Anonymous

If you’re reading this, open up to your loved ones. 

Recovery can be a life-long battle, and pretending you can handle it on your own isn’t the answer.

It has taken me five years of recovery-relapse-recovery-relapse to understand that recovery may be a life-long journey and that is okay. For my impatient “I want results now” self… let’s just say this has been a hard pill to swallow. I thought that if I saw every eating disorder professional under the sun upwards of three times a week that eventually I would hit a point where my brain would be healed and I would never have to deal with this scary disease again.

Wrong.

I’ve relapsed so many times.
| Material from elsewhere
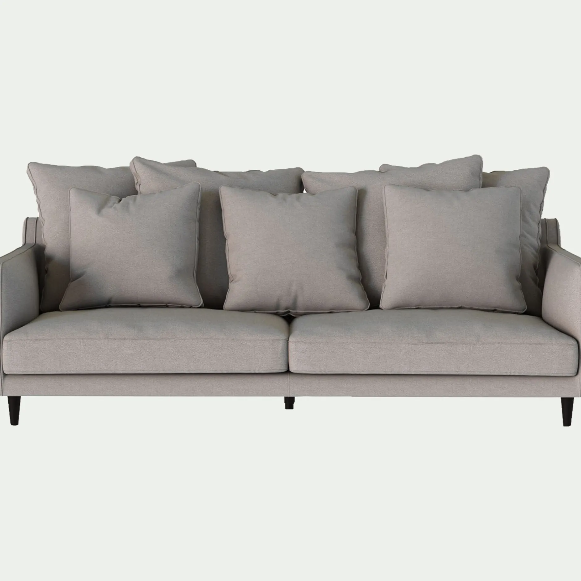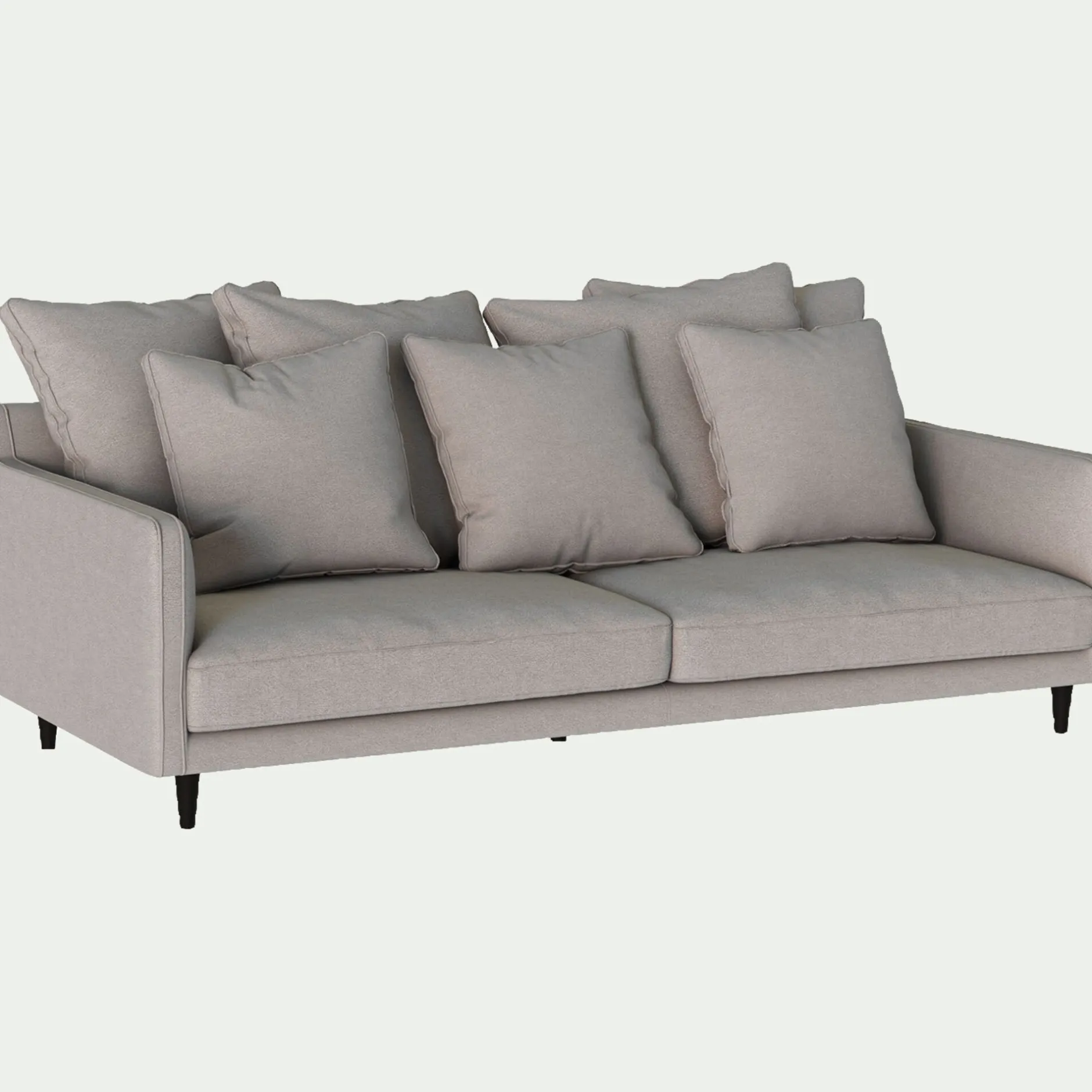 Assise et dossier : Assise en mousse polyuréthane densité 30 kg/m3 et couette en fibre polyester. 4 coussins 60x60cm et 3 coussins 50x50cm garnissage plumes d’oie et fibres .

I was hospitalized my senior year of high school for suicidality and thought that would be a wakeup call. Nope. I relapsed right before coming into my freshman year of college and had to spend my first year hiding my secret doctor’s appointments from everyone. I relapsed coming into my second year and relapsed again about six months ago. Relapse, relapse, relapse.
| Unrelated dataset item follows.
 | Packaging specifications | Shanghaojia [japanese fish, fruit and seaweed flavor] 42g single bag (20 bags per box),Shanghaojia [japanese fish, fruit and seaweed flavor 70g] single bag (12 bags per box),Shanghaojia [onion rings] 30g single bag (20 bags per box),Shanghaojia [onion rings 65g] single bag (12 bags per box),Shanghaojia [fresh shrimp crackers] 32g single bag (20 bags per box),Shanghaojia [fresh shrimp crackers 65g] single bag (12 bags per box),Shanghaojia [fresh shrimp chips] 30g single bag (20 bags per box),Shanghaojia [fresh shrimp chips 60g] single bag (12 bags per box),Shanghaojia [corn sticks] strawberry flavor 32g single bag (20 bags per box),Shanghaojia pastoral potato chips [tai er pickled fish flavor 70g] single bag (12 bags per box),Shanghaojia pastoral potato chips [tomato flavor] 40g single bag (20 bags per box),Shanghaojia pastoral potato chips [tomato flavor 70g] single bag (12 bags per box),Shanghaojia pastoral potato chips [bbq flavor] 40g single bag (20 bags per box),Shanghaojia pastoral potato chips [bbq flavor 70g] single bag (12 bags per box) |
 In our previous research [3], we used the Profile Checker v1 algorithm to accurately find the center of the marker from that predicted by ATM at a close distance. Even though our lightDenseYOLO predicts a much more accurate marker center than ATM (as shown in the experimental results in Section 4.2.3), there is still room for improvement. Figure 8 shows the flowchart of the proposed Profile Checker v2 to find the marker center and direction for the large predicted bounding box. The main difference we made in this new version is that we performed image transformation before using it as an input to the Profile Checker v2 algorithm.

I think I’ve finally discovered why I keep relapsing. It’s not because the doctors I work with aren’t good enough, my medication isn’t strong enough, or my family isn’t supportive enough. Absolutely none of these are true. It’s because I keep pretending that I am okay and that I can take on anything in life with no help from anyone.

Until recently, even my closest friends had no idea I was struggling with a mental health disorder. I was too ashamed to ask for help or share these deep parts of me for a very long time. My friends would share very important things about themselves, and in those vulnerable moments, I would continue to provide advice and a listening ear without opening up a single bit. Years of becoming the friend who never shared anything but gave so much of herself molded me into a habit of pretending that became detrimental. Pretending that I had everything together was the most important thing in my life, and the person whose inner thoughts I knew was very different from the person most people knew.
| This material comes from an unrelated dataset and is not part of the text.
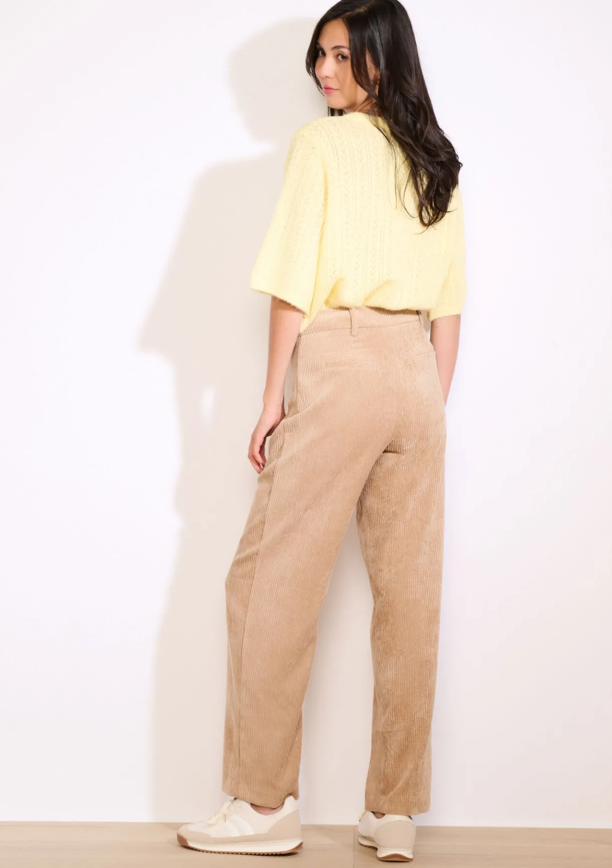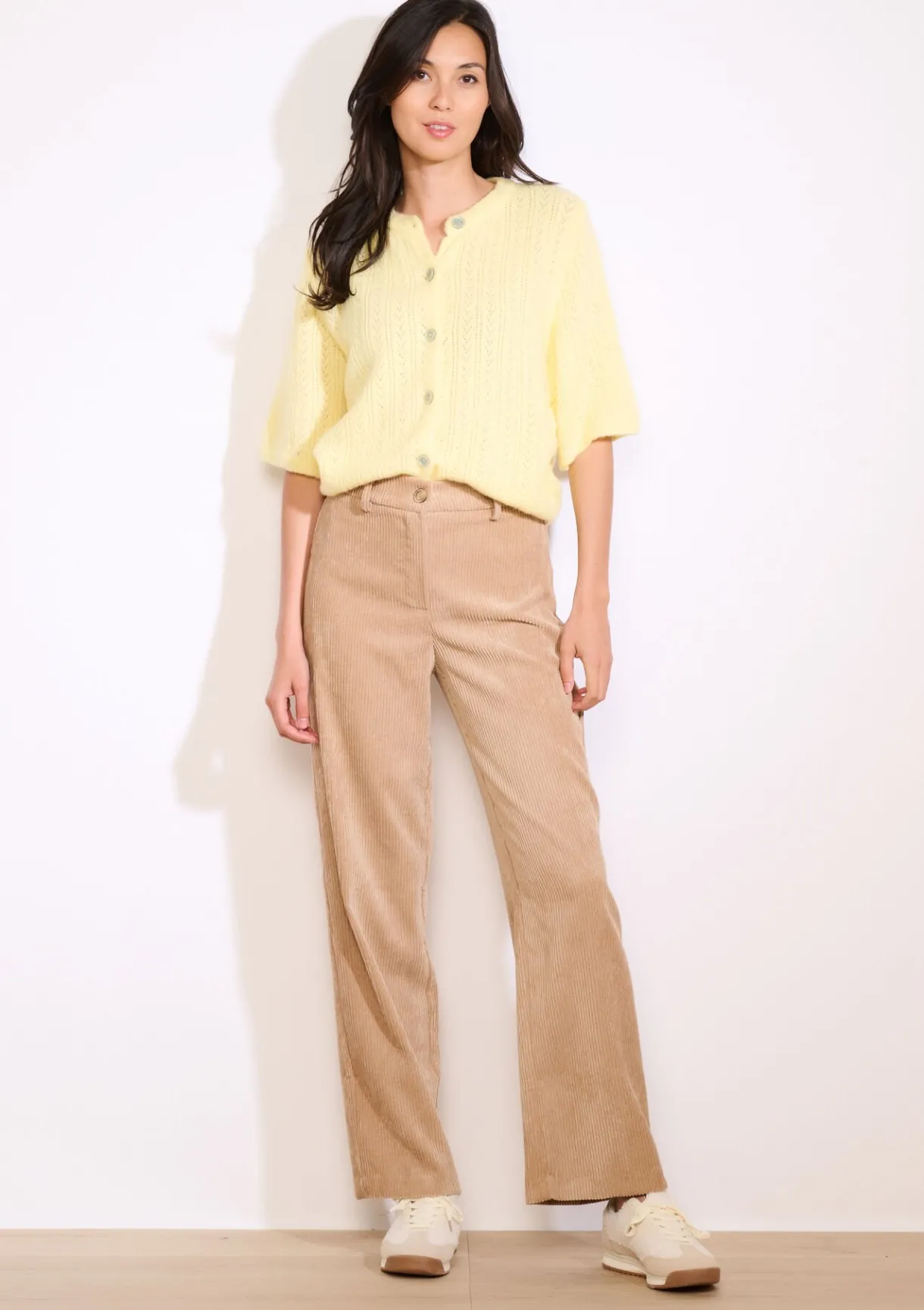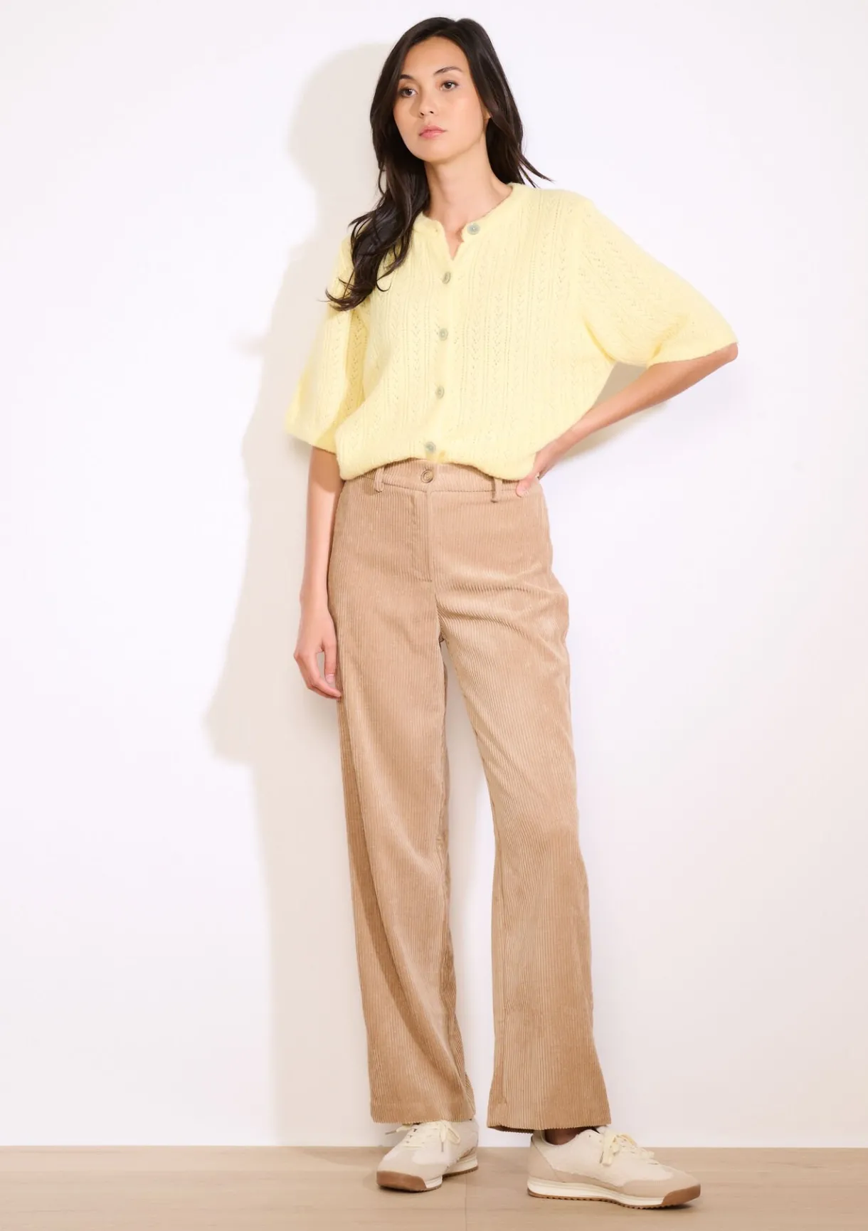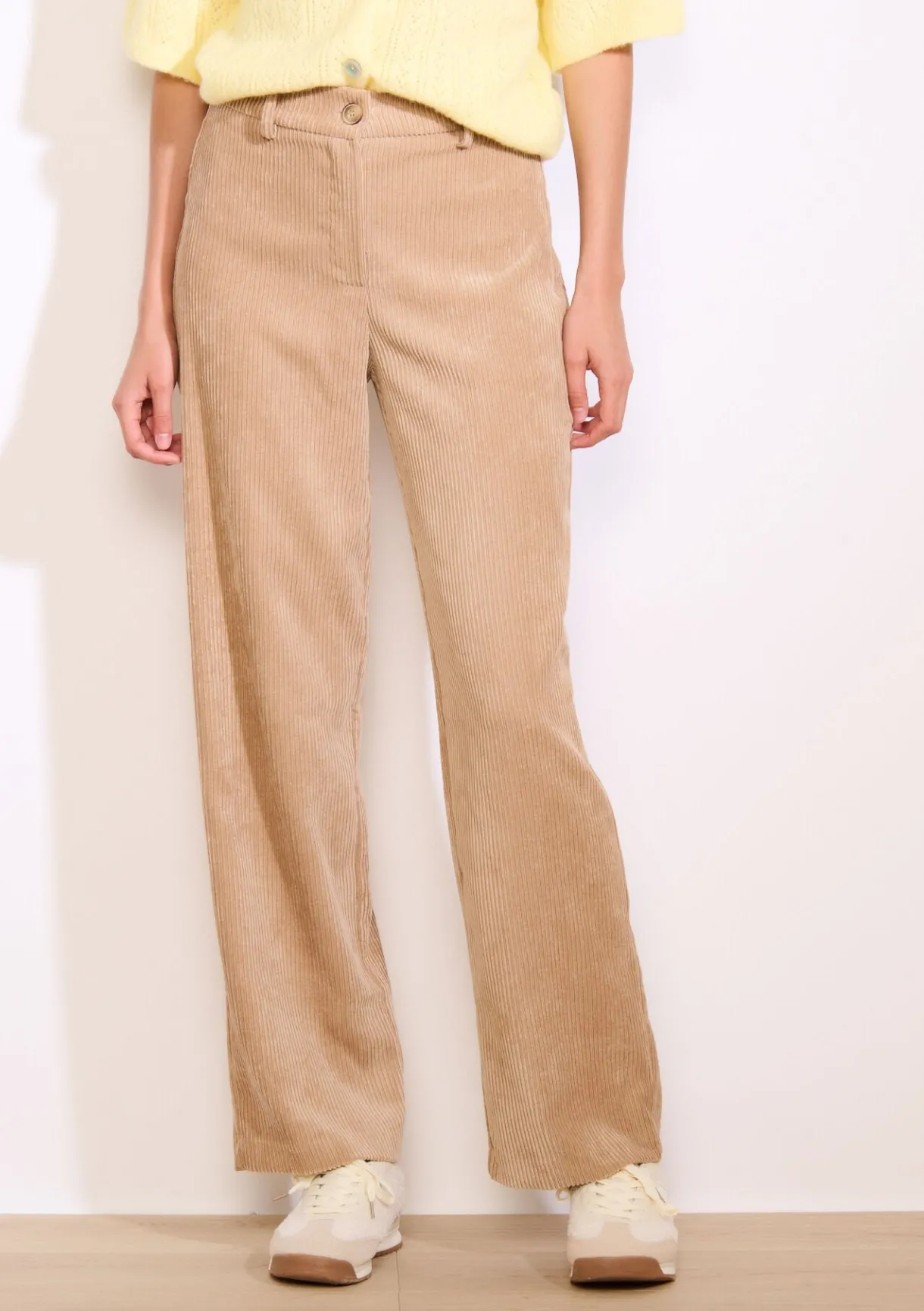Verfijnde ribfluweel en flatterende wide leg zorgen voor een elegante, relaxte look met karakter.

It wasn’t until I began to reach out to people who are important to me to let them know what was really going on (and had been for the past five years) that I felt freer. Talking to someone about something you’re ashamed of feels like a weight has been taken off your shoulders. It allows you to accept that your battle may be lifelong but you have so many people who will walk alongside you in it. Knowing that you may struggle with something for the rest of your life is no easy thing to accept. It’s scary and makes the future extremely unknown. But if you accept the idea that you are not perfect just like those you care about aren’t, then you can accept that you will get whatever support you need and that you deserve it.

Please, if you’re reading this, open up to your loved ones. Everyone has their life-long struggles and mine is an eating disorder. Learn to accept all parts of you, and share with those you care about, so they can love you the best way they know how.